Last year the event drew some 3,000 competitors and spectators to Camp Millstone according to the wildlife commission. Given some rule changes, the field should be even larger this month. The new rules say there are six members per team. The old rules set a limit of five.

The Millstone event is capped at 54 teams from the nine districts in the state.

“I am not sure how many teams there are in the state,” Crabtree said. “I have a nine-county district and I have 18 teams. I know some districts have 35 teams.”

The tournament begins at 8 a.m. at the center near Ellerbe, with events in rifle, shotgun and archery, along with an orienteering challenge and a conservation test.

“The degree of the skills exhibited by these young people at the state championships is incredible,” said Travis Casper, the assistant hunter education programs coordinator for North Carolina. “The competition is keen, but so is the camaraderie between competitors.”

“I’ve been going there every year since 2002, and I think it’s gotten bigger and bigger each year,” Crabtree said. “I think some of that is because of changes in the system on how hunter education is handled. I think educators like myself have been able to enhance it.”

At one point, he said a handful of teams dominated the competition.
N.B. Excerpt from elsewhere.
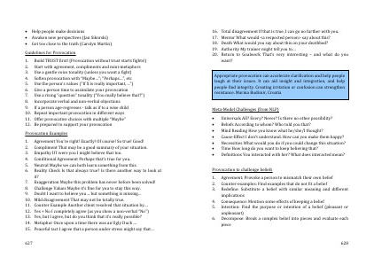 say about this? Death What would you say about this on your deathbed? Authority My trainer might tell you to… Return to Goalwork That’s very interesting – and what do you want? Appropriate provocation can accelerate clarification and help people laugh at their issues. It can aid insight and integration, and help people find integrity. Creating irritation or confusion can strengthen resistance. Marina Budimir, Croatia Meta-Model Challenges (from NLP) Universals All? Every? Never? Is there no other possibility? Beliefs According to whom? Who told you that? Mind Reading How you know what he/she/I thought? Cause-Effect I don’t understand. How can you make them happy? Necessities What would you do if you could change this situation? Time How long do you want to keep believing that? Definitions You interacted with her? What does interacted mean? Provocation to challenge beliefs 1. 2. 3. 4. 5. 6. Agreement: Provoke a person to mismatch their own belief Counter-examples: Find examples that do not fit a belief Redefine: Substitute a belief with similar meaning and different implications Consequence: Mention some effects of keeping a belief Intention: Find the purpose or intention of a belief (pleasant or unpleasant) Decompose: Break a complex belief into pieces and evaluate each piece 628

But as new programs have sprouted up and improved, a fresh group of followers have started to follow the sports.

The Millstone event is as high as you get in Wildlife Resource Commission youth competition in North Carolina. The National Rifle Association sponsors a national event

Teams are organized within public and private schools, while home-schooled students and teams representing youth groups, such as 4-H or FFA, can compete, provided they meet eligibility requirements. Competition is conducted on senior (high school) and junior (middle school and elementary school) divisional levels, with overall team and overall individual awards based on aggregate scores in all events.

Crabtree will be taking two senior teams, from Western Harnett Senior High and Lumberton High School. His junior teams are from Western Harnett Middle School and Harrell’s Christian Academy in Sampson County. The top individual district winners in each category also qualify to go to Millstone even if there team does not.

“The schools that traditionally did well had their following, but when you’re able to branch out and getting schools that have only been in the program two or three years that qualify, that’s a whole other crowd,” Crabtree said.

Millstone has hosted the event for at least the last eight years, said Gene Shutt, the camp’s director.

“They used to have it in different areas of the state, mostly at gun clubs, but they were finding it was getting harder and harder to find somebody to host it,” Shutt said. “They came to us and they’ve helped us a little with construction and other things.”

Millstone will host a two-day 4-H shooting event in September, but it is smaller in scope, Shutt said.

Some of the volunteers spend the night at Millstone, but others find lodging at local motels, Shutt said.

Millstone’s shooting facility is about seven acres and includes two combination trap-skeet fields, an archery area, a small bore rifle and pistol range and a 100-yard shooting range.

“When it comes we part people on the ballfield and it’s full of cars, and we park them in some of the horse rings. There are a lot of people. It takes a big place to do it.”